Anyone can leave you a message in cypher text by encrypting it with your Public Key. Only you, the Private Key holder, can decrypt the cypher text to read your messages.
Private Key Encrypts, Public Key Decrypts: Digital Signatures
You are a shoe designer in high demand. The market is flooded with counterfeit copies of your designs. Your online customers want to make sure they are receiving your legitimate products, your special touch. How can you securely mark your products to assure customers of their authenticity? Use Asymmetric Cryptography.
- Design a cypher text shoe-box.
- Place your custom shoes inside and encrypt the box with your Private Key.
- Attach a copy of the complementary Public Key to the cypher text box. When your customer unlocks the cypher text with the Public Key your authorship is proven. The cypher text can only be decrypted by the Public Key if your unique Private Key encrypted it. Counterfeiters do not have access to your Private Key.
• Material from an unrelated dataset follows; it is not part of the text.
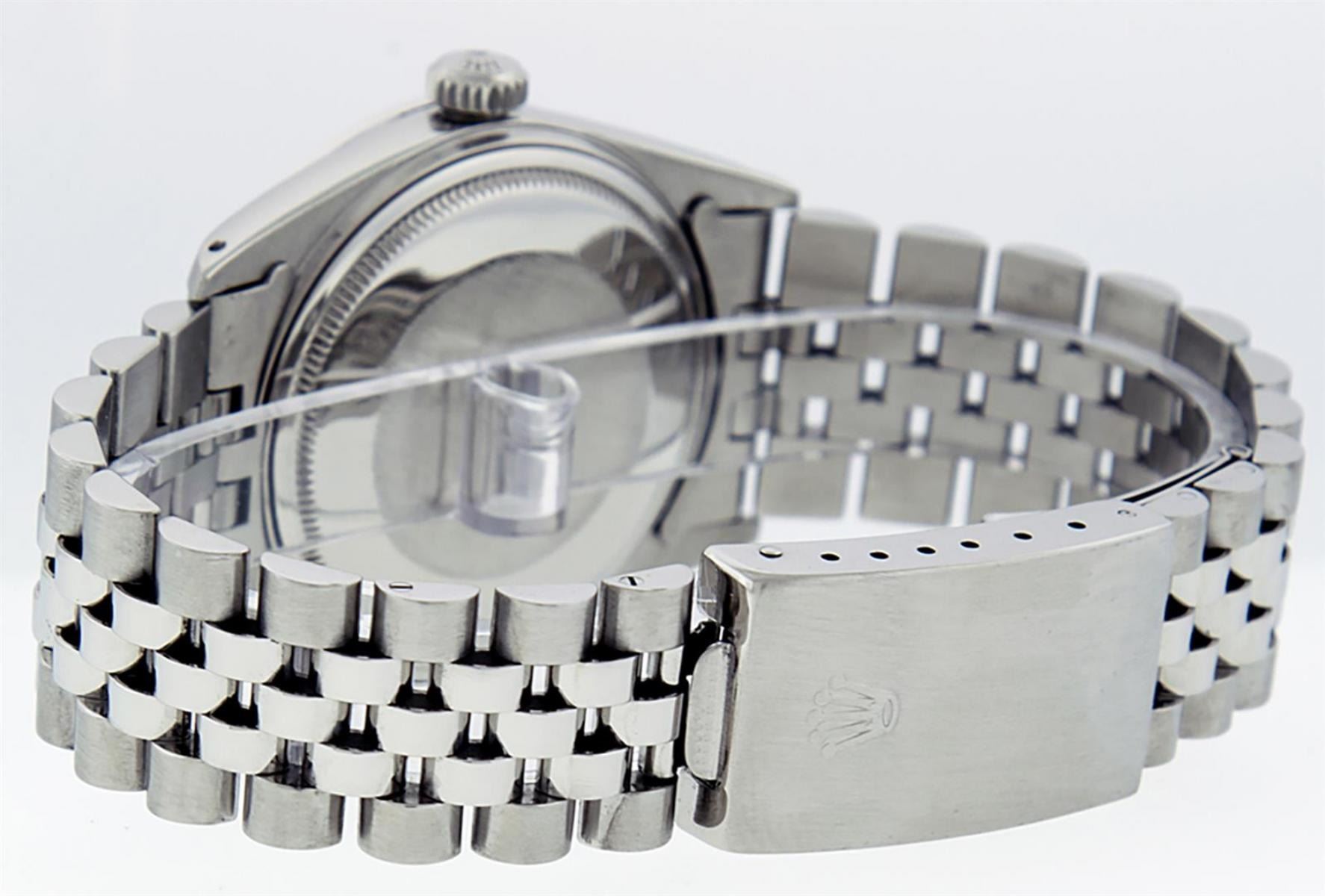 One Mens Stainless Steel Rolex Datejust Polished, Serviced & Electronically Tested, Stainless Steel Case: 36mm, Stainless Steel Crown, Custom Bezel: New 18K White Gold Ruby Beadset Diamond Bezel, Diamond + Gem Count: 36 Diamonds + 4 Rubies Total Weight 1.00 Carat, Clarity: SI-VS, Color: G to H. Custom Crystal: New Synthetic Sapphire Cyclops Lens. Custom Hands: New Luminescent Hands. Movement: Automatic Winding Movement. Custom Dial: Red Vignette With Diamond Hour Markers, 10 Diamond Dial G To H In Color, Clarity: SI-VS. Date Window: 3 O'Clock Position Date Display, Quickset, Model: Datejust. Condition: G-6 Extra Fine. Bracelet: Stainless Steel Jubilee. Bright Polish & Satin Finish. 7.0 Inch Length, Adjustable. Standard Clasp, With Rolex Logo. This Watch Has Been Serviced Time Tested And Is In Excellent Condition It Is Free Of All Scratches And Dents.

Private-Key-to-Public-Key verifies that cypher text has been authored by the owner of a Private Key. Decrypting the cypher text encrypted with a Private Key demonstrates the authorship, and therefore consent, of the Private Key’s owner, like a signature.
Accounts on blockchain systems, called “wallets,” are direct implementations of Asymmetric Cryptography. A wallet is composed of two complementary cryptographic keys. Public Keys are blockchain wallet addresses. Anyone can deposit an asset into a wallet address. However, transferring an asset out of a wallet address requires the wallet’s Private Key. Blockchain systems assume that only the wallet owner has access to their Private Key.
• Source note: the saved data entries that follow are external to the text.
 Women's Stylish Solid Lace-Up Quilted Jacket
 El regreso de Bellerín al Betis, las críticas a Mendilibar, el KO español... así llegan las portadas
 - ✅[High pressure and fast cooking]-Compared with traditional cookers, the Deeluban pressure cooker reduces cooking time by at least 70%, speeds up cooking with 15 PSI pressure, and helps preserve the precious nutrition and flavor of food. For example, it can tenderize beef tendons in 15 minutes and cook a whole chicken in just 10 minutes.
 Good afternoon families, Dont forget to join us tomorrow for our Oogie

Prior to blockchain technology intermediaries were required to verify transaction information and allow a transaction to occur. The transaction information to be verified included the identities of account owners in question, the consent of these account owners to a transaction (traditionally given by a signature), and whether these accounts contained enough assets to make the transaction. Blockchain systems verify transaction information and permit secure asset exchange without an intermediary.
To enable decentralized verification every transaction made between blockchain accounts must follow strict guidelines. Transactions begin as “Transaction Requests” that contain specific information. These requests are checked for validity before the asset exchange can occur.
Imagine we have two wallets: A and B. A wants to send an asset to B’s wallet. To do this, A combines required information:
- An identifier of the account that is to hand off ownership to another account: A’s Public Key.
- An identifier of the account that is to receive ownership: B’s Public Key.
- The amount of assets to transfer. A’s claim to this amount of assets will be verified by deriving the Inventory Record from the Transaction Records.
- The time the transaction is to be executed.
- A fee paid to the system for verifying and executing the transaction.
- Proof that A consents to transfer assets to B: A’s Private Key signature
A demonstrates consent to transfer their assets to B’s by encrypting — or “signing” — the transaction information with their Private Key. This transaction information then becomes a formal “Transaction Request” sent to the network. Nodes witnessing the request prove A’s consent by decrypting A’s signature — generated with A’s Private Key — via A’s Public Key, their public wallet address. A successful decryption verifies that the request was truly authored by the wallet’s owner. Only the owner of the wallet should have access to the wallet’s Private Key.